## About this exercise
With pictures excluded, copy word for word the lines in the data below from the line containing "Extreme heat and" through the line containing "Figure 2: Starvest, an".

## Task data
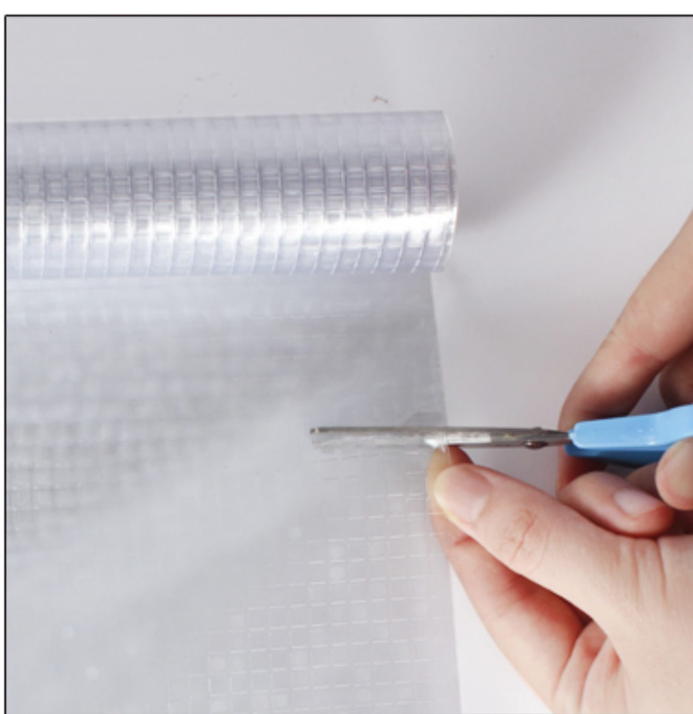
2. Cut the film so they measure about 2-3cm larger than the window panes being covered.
---
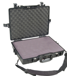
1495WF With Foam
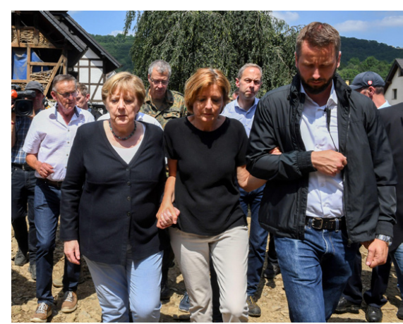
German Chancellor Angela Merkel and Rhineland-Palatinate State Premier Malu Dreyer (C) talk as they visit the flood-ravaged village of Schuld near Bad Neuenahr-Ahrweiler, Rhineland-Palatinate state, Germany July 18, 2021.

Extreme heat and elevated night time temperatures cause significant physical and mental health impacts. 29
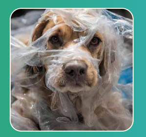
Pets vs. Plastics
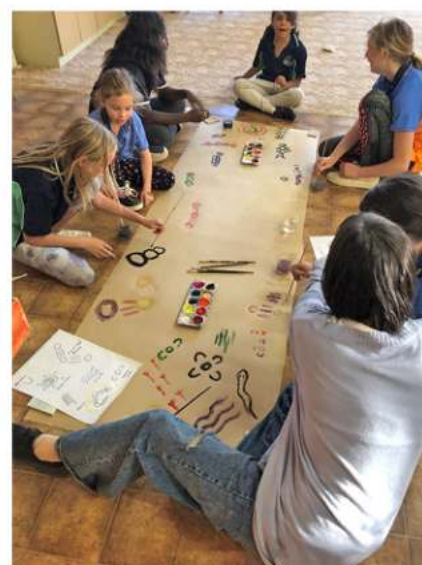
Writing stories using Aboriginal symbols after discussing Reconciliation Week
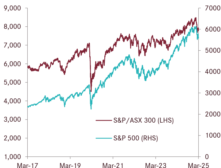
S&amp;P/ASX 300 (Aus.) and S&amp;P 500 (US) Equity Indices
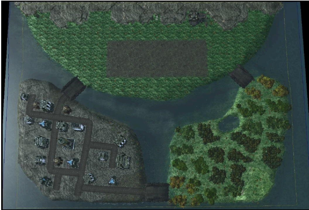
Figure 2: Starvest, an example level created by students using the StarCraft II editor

## Solution for this task
Extreme heat and elevated night time temperatures cause significant physical and mental health impacts. 29
Pets vs. Plastics
Writing stories using Aboriginal symbols after discussing Reconciliation Week
S&amp;P/ASX 300 (Aus.) and S&amp;P 500 (US) Equity Indices
Figure 2: Starvest, an example level created by students using the StarCraft II editor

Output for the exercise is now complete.